Des manifestants entonnaient un cantique de défi : « 7 fevriye, avan solèy leve, peyi a libere ! » Au centre-ville, la foule scandait : « Grenadiers à l’assaut, sa ki mouri, zafè a yo ! » La brigade Zulia veillait. Les murs de la capitale s’ornaient de graffitis et d’irrévérencieuses affiches de Président-à-vie en folle à marier se suicidant d’une balle dans la tempe. La statue de l’amiral de la mer Océane était jetée à la mer, des peintres insoumis décoraient leurs toiles de pintades décapitées. Soixante-dix-sept mille ramiers traversaient les cieux noirs à rebours. Cheftaine de la milice, Dame Ernst Léonard, avait désapparu !

Doumie Granvent positionna durablement la molette de son transistor sur la fréquence de Radio Mapou.
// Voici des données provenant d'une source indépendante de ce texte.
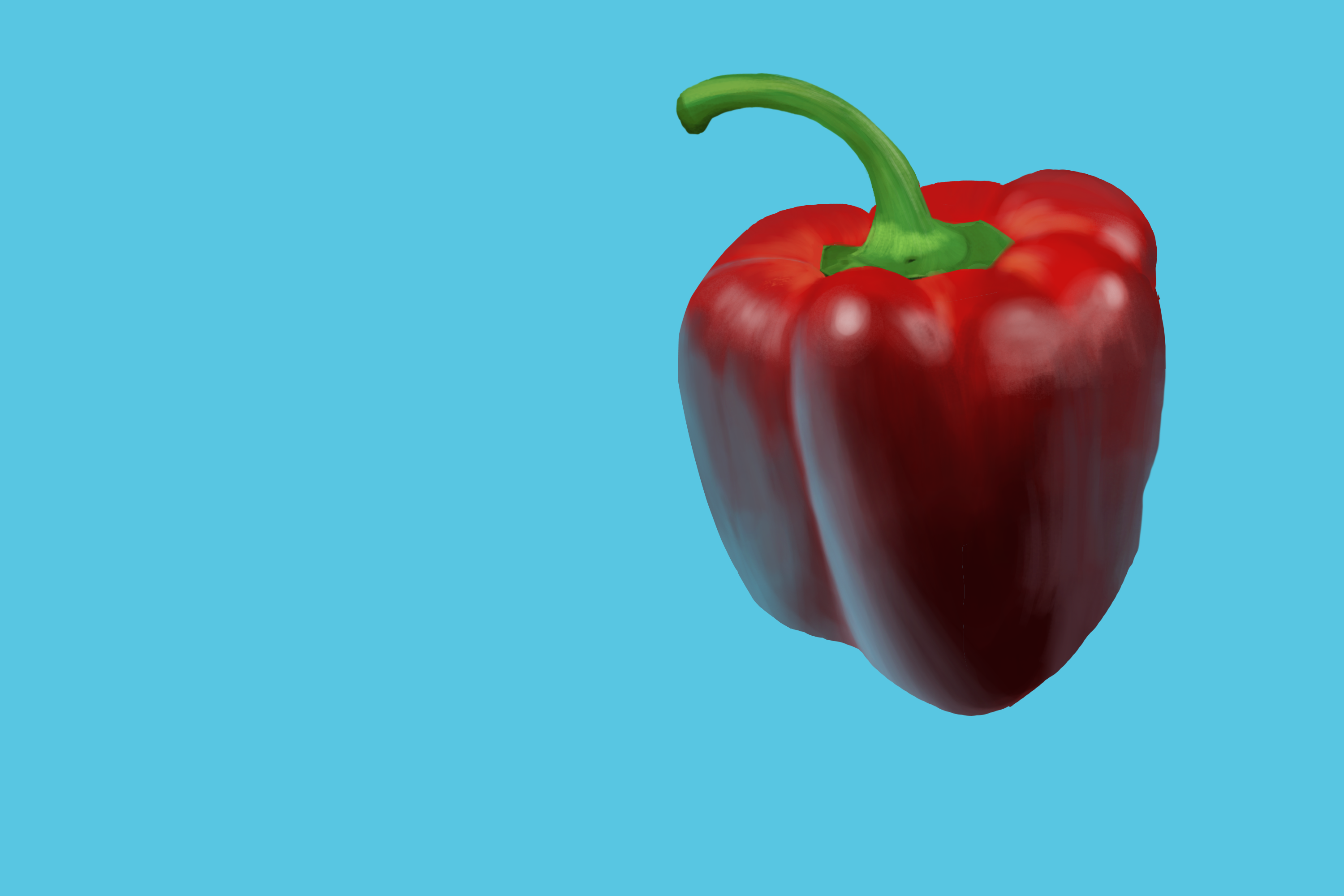 Bonsoir les gens. Voici mon essaie pour l'exercice 4 avec le poivron, j'ai essayé de me passer du croquis et des couleur pour le faire, j'ai juste vérifié le croquis une fois pour vérifier les proportions de la silhouette que j'ai corrigé ensuite sans recopier le croquis. j'ai également repris la même couleur de fond bleu présent dans le photoshop mais j'ai par la suite essayer de trouver moi même les couleurs adéquate pour le poivron et je crois ne pas m'en être trop mal sorti. J'ai surtout été surpris par la qualité du résultat que j'ai réussit a atteindre au bout d' 1 heure, je m'attendais à ce que cela me prenne plus de temps que prévu ce qui me réjouit, je crois que je m'améliore vraiment (Quoique très lentement). -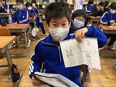 朝の会では、誕生日が同じ二人に黒板・イラスト誕生日係から、バースデーカードと歌のプレゼントありました

Entre deux sons vaudou, il s’y disait qu’une nonne accompagnée d’un général avait pénétré ce matin l’aéroport Maïs Gâté.

L’hôtesse de la Pan Am qui enregistrait les voyageurs en partance pour Miami ne distingua pas le visage de la femme, masqué par sa cornette, mais fut gênée par ses mains : des poignes d’homme, fortes, noueuses, sans grâce.

Après l’enregistrement, le général et la nonne se placèrent à l’écart, dans le salon d’honneur. L’officier, sous divers prétextes, éloignait systématiquement ceux qui approchaient la religieuse. Toujours escortée du militaire, elle fut amenée au pied de l’avion par un véhicule de soldatesque. Le général l’installa en première, alla discuter avec le commandant de bord et, juste avant la fermeture des portes, descendit rejoindre sa voiture sur la piste.
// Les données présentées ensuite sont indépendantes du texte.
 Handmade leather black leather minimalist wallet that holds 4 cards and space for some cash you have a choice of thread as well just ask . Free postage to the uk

Peu après le décollage, l’hôtesse proposa du champagne. Quand la nonne leva la tête pour récupérer la coupe, l’hôtesse, ébaubie par ce qu’elle vit, s’effondra en bafouillant « Fi-Fi-Fillette Lalo ! ».

Un autre propos de Radio Mapou assurait que Dame Léonard se serait suicidée chez elle à Mirebalais, s’exécutant d’une balle d’or parce que insensible aux projectiles de plomb.

Un discours différent prétendait qu’elle arpentait désormais le boulevard Jean-Jacques-Dessalines, se cachant, fardée, perruquée, parmi les prostituées délaissées par leurs clients en ces temps insurrectionnels.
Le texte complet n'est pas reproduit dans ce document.